I confess: I’ve taken pride in food I’ve gotten my kids to eat. When I recognized, in my daughter, my fondness for cheese, I took it to the limit. She’ll bite at Bucheron, but she tapped at a second smear of Teleggio. My son craved spicy stuff since the womb –the wife regularly had me running for Thai. At age four he sucked down bowls of salsa at our local Mexican place. Then, all of the sudden, he didn’t. I couldn’t figure what went wrong. My daughter caught on; it was a chorus of complaints about stuff being too “spicy.” By spicy they don’t mean hot, but bold. I took it personally. Then they started in with wanting the same dishes over and over again. Initially unbearable, but I’ve come around.

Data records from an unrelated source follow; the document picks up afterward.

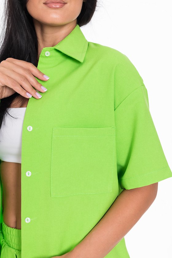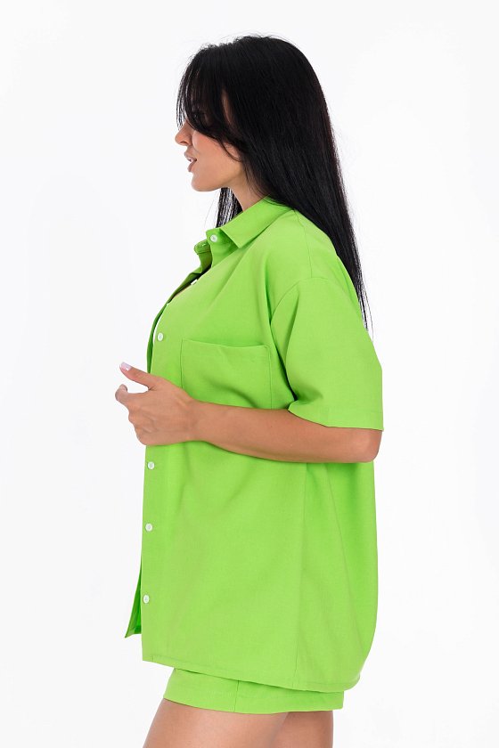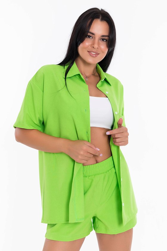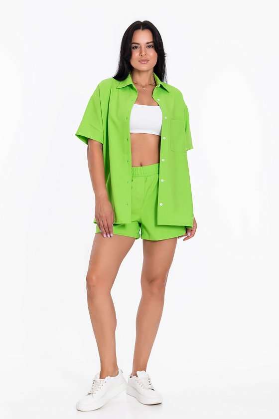 Однотонный салатовый цвет костюма добавит яркости в ваш образ. -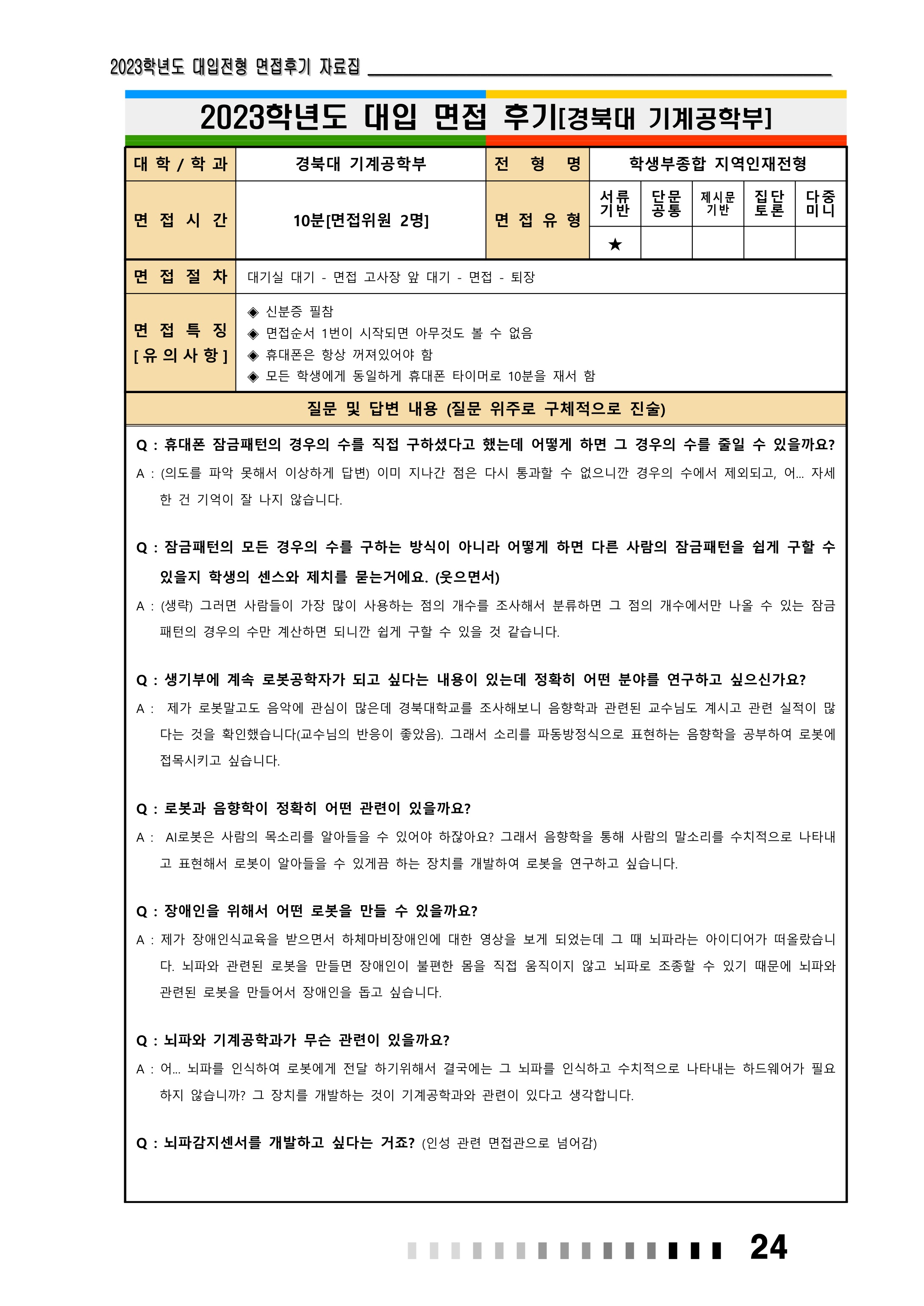 2023학년도 경북대학교 면접 후기8 - 기계공학부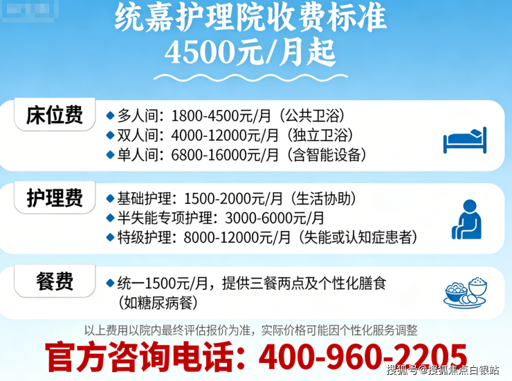 统嘉护理院收费标准为4500元/月起!这个价格包含了啥?咱们来拆解一下: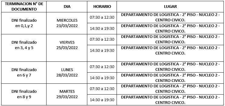 El Ministerio de Educación del Gobierno de San Juan informa que las personas que poseen contratos administrativos de Servicios de Colaboración deben concurrir a su establecimiento educativo para presentar al directivo la factura electrónica correspondiente a marzo 2022. Posteriormente, el directivo o responsable designado para esta tarea la entregará en la Oficina de Logística, ubicada en el Centro Cívico, de acuerdo al siguiente cronograma: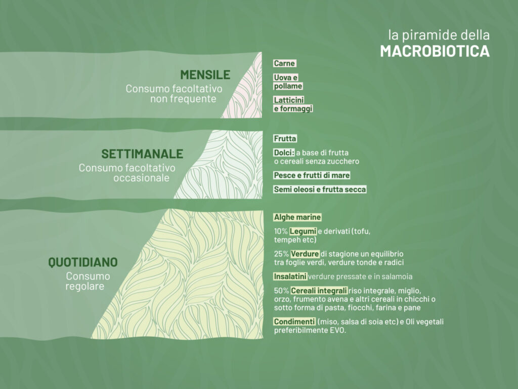 Ecco la piramide che è alla base dell’alimentazione macrobiotica. Essa è organizzata in modo che: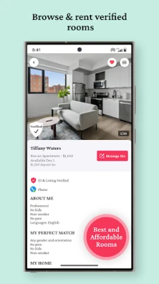 - Post your apartments, rooms & sublets within the app so matches can connect with you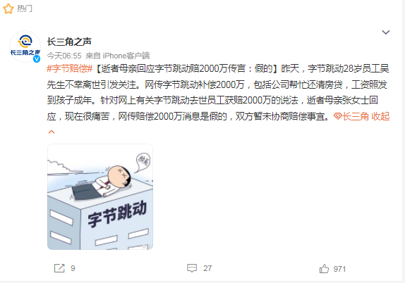 23日,字节跳动28岁员工吴先生不幸离世的消息引发关注。随后,乐思舆情监测中心关注到有关赔偿两千万的信息传播广泛。

The first thing I learned to cook was a pan of popovers. My dad thought he was cute to teach me. He’d shoo me off to make them Saturday mornings, and then read the paper in peace. I knew his motives but didn’t mind. Nice story, right? The point is, it paid off.
At some point in our relationship, I discovered that the wife and I share an affection for popovers. It was nice knowing of at least one thing I can do for her –say to repent for referring to her as “the wife” in print. In turn, she taught me to truly appreciate popovers. For me they had been mostly amusing, a memento. She opened my eyes to the obsession. She shared her theory of condiment selection and efficient plan of attack. Always in the right as she informs me I stink at stopping to smell the roses, she’s absolutely pinned the point down with popovers. Never have I enjoyed them more. Last season, scandalized at Renaissance Festival stands’ inadequate preparation, despite perpetually long lines, she still shared when she finally got one. It took two days to get it, I think. No exaggeration. Maybe hysteria, inspired by the scarcity, made it the best I’ve ever eaten, but probably it was the way she handed it to me.
The moral is that similar pieces from our pasts combined to forge a shared experience. That’s not to say that bonds can’t be forged over fresh encounters with food, just that foods that are intimately understood provide a powerful hook.
It doesn’t always work this way. Fresh out of culinary school, I once assumed I could do Stroganoff at least as well as the one she grew up eating. While mine was technically perfect (don’t mind saying so myself), it missed the point (which was predictably frustrating for me).
Eventually though, this helped me understand how memories ooze from the idiosyncrasies of a given family recipe. These dishes have been enjoyed at length, and often enough, for the eater to have an appreciation of every wrinkle: the crispy corner there, the browned bit, the aroma of some specific ingredient. There are expectations. Where a fancy meal out impresses with finesse and novelty, under dimmed bulbs in a fleeting time frame, the old-familiars cut to the core and linger there in natural light.
This might explain why one’ll spout about a crafty cocktail the other evening, while the solid cup of coffee this morning is too sacred to spill even a single word. My kids sometimes suppose they want a sip of said coffee, but in the end it’s always too “spicy.” I can’t recall ever having shared any cocktail (just imagine the shiver) but my daughter will sample beer without hesitation -troubling though not unexpected. She draws the line at Imperial Porter.